我正在尝试从 Pandas 数据框中计算均方根误差。我已经检查了以前关于堆栈溢出的链接,例如python 中的均方根误差和 scikit 学习文档http://scikit-learn.org/stable/modules/generated/sklearn.metrics.mean_squared_error.html我希望有人出来这会说明我做错了什么。这是数据集。这是我的代码。

import pandas as pd
import numpy as np
sales = pd.read_csv("home_data.csv")

from sklearn.cross_validation import train_test_split
train_data,test_data = train_test_split(sales,train_size=0.8)

from sklearn.linear_model import LinearRegression
X = train_data[['sqft_living']]
y=train_data.price
#build the linear regression object
lm=LinearRegression()
# Train the model using the training sets
lm.fit(X,y)
#print the y intercept
print(lm.intercept_)
#print the coefficents
print(lm.coef_)

lm.predict(300)



from math import sqrt
from sklearn.metrics import mean_squared_error
y_true=train_data.price.loc[0:5,]
test_data=test_data[['price']].reset_index()
y_pred=test_data.price.loc[0:5,]
predicted =y_pred.as_matrix()
actual= y_true.as_matrix()
mean_squared_error(actual, predicted)

EDIT

编辑

So this is what worked for me. I had to transform the test dataset values for sqft living from row to column.

所以这对我有用。我不得不将 sqft living 的测试数据集值从行转换为列。

from sklearn.linear_model import LinearRegression
X = train_data[['sqft_living']]
y=train_data.price
#build the linear regression object
lm=LinearRegression()
# Train the model using the training sets
lm.fit(X,y)

New code

新代码

test_X = test_data.sqft_living.values
print(test_X)
print(np.shape(test_X))
print(len(test_X))
test_X = np.reshape(test_X, [4323, 1])
print(test_X)
from sklearn.metrics import mean_squared_error
from sklearn.metrics import explained_variance_score
MSE = mean_squared_error(y_true = test_data.price.values, y_pred = lm.predict(test_X))
MSE
MSE**(0.5)

回答by jakevdp

You're comparing test-set labels to training-set labels. I believe that what you actually want to do is compare test-set labels to predictedtest-set labels.

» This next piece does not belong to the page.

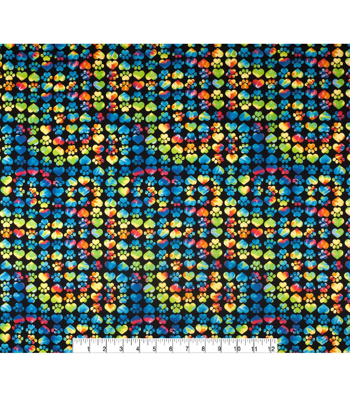 Novelty Cotton Fabric Hearts & Paws Tie Dye on Black
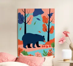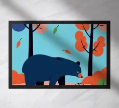 Godetevi la bellezza naturale di una foresta autunnale con questa illustrazione di un orso in cerca di cibo. I colori caldi e il design minimalista creano un'atmosfera pacifica e rasserenante.

您正在将测试集标签与训练集标签进行比较。我相信您真正想做的是将测试集标签与预测的测试集标签进行比较。

For example:

例如:

import pandas as pd
import numpy as np
from sklearn.metrics import mean_squared_error
from sklearn.linear_model import LinearRegression
from sklearn.cross_validation import train_test_split

sales = pd.read_csv("home_data.csv")
train_data, test_data = train_test_split(sales,train_size=0.8)

# Train the model
X = train_data[['sqft_living']]
y = train_data.price
lm = LinearRegression()
lm.fit(X, y)

# Predict on the test data
X_test = test_data[['sqft_living']]
y_test = test_data.price
y_pred = lm.predict(X_test)

# Compute the root-mean-square
rms = np.sqrt(mean_squared_error(y_test, y_pred))
print(rms)
# 260435.511036

Note that scikit-learn can in general handle Pandas DataFrames and Series inputs without explicit conversion to numpy arrays. The error in the code snippet in your question has to do with the fact that the two arrays passed to mean_squared_error()are different sizes.

请注意,scikit-learn 通常可以处理 Pandas DataFrames 和 Series 输入,而无需显式转换为 numpy 数组。您问题中代码片段中的错误与传递给的两个数组的mean_squared_error()大小不同这一事实有关。